**Task prompt:** As you print the data below, keep every line exactly as it is and leave the images behind.

**Dataset excerpt:**
++++++
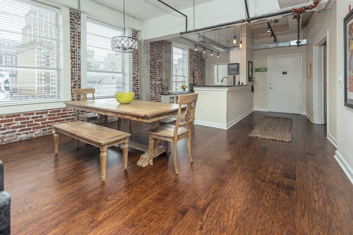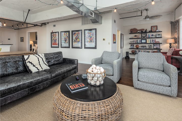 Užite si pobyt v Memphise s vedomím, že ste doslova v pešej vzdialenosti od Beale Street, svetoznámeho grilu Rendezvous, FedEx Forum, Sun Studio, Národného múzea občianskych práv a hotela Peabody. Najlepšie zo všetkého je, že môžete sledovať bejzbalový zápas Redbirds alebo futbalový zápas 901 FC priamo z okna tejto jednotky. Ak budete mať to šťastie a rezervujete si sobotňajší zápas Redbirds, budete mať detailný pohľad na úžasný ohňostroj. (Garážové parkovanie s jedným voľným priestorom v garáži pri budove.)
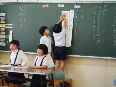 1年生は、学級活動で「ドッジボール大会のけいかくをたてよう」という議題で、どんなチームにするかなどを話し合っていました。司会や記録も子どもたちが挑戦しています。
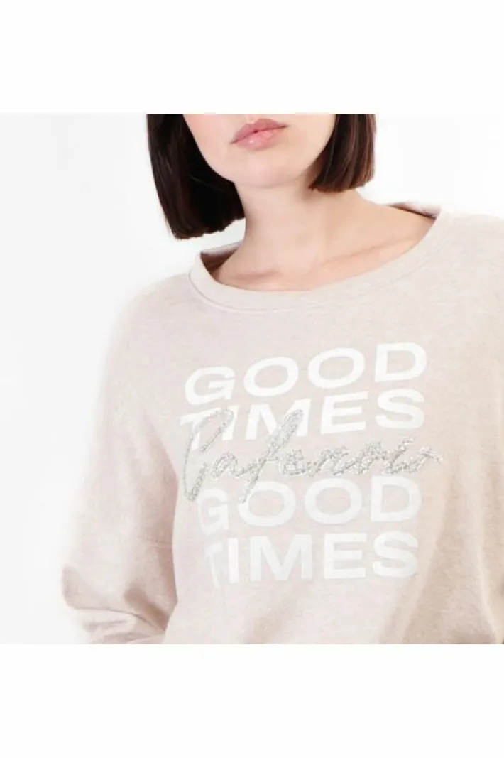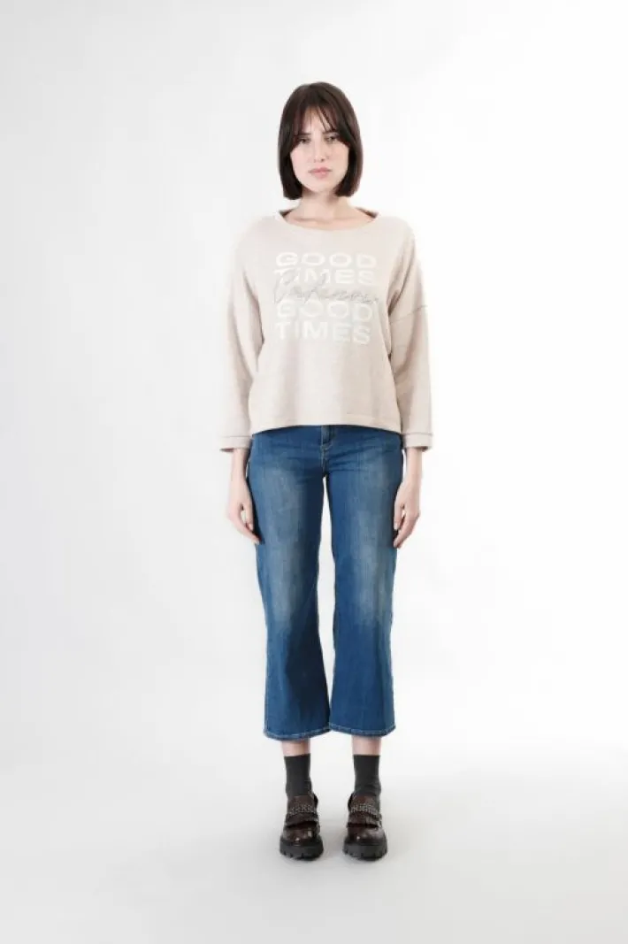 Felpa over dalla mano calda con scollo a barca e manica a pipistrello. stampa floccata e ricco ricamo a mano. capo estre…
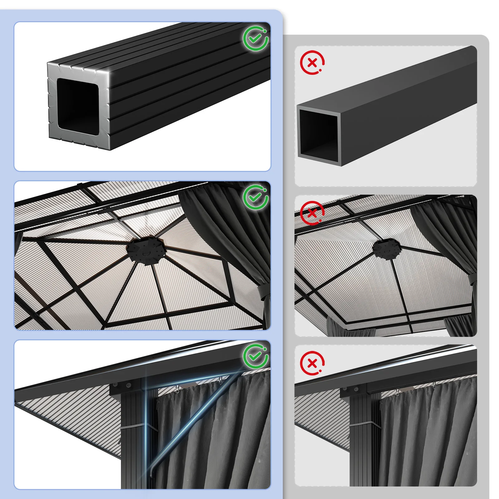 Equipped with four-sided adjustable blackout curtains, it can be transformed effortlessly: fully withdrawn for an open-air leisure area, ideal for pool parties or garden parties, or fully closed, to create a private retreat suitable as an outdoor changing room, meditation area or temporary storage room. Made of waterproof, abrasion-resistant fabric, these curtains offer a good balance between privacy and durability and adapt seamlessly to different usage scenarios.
++++++
**Result for this task:**
 Užite si pobyt v Memphise s vedomím, že ste doslova v pešej vzdialenosti od Beale Street, svetoznámeho grilu Rendezvous, FedEx Forum, Sun Studio, Národného múzea občianskych práv a hotela Peabody. Najlepšie zo všetkého je, že môžete sledovať bejzbalový zápas Redbirds alebo futbalový zápas 901 FC priamo z okna tejto jednotky. Ak budete mať to šťastie a rezervujete si sobotňajší zápas Redbirds, budete mať detailný pohľad na úžasný ohňostroj. (Garážové parkovanie s jedným voľným priestorom v garáži pri budove.)
 1年生は、学級活動で「ドッジボール大会のけいかくをたてよう」という議題で、どんなチームにするかなどを話し合っていました。司会や記録も子どもたちが挑戦しています。
 Felpa over dalla mano calda con scollo a barca e manica a pipistrello. stampa floccata e ricco ricamo a mano. capo estre…
 Equipped with four-sided adjustable blackout curtains, it can be transformed effortlessly: fully withdrawn for an open-air leisure area, ideal for pool parties or garden parties, or fully closed, to create a private retreat suitable as an outdoor changing room, meditation area or temporary storage room. Made of waterproof, abrasion-resistant fabric, these curtains offer a good balance between privacy and durability and adapt seamlessly to different usage scenarios.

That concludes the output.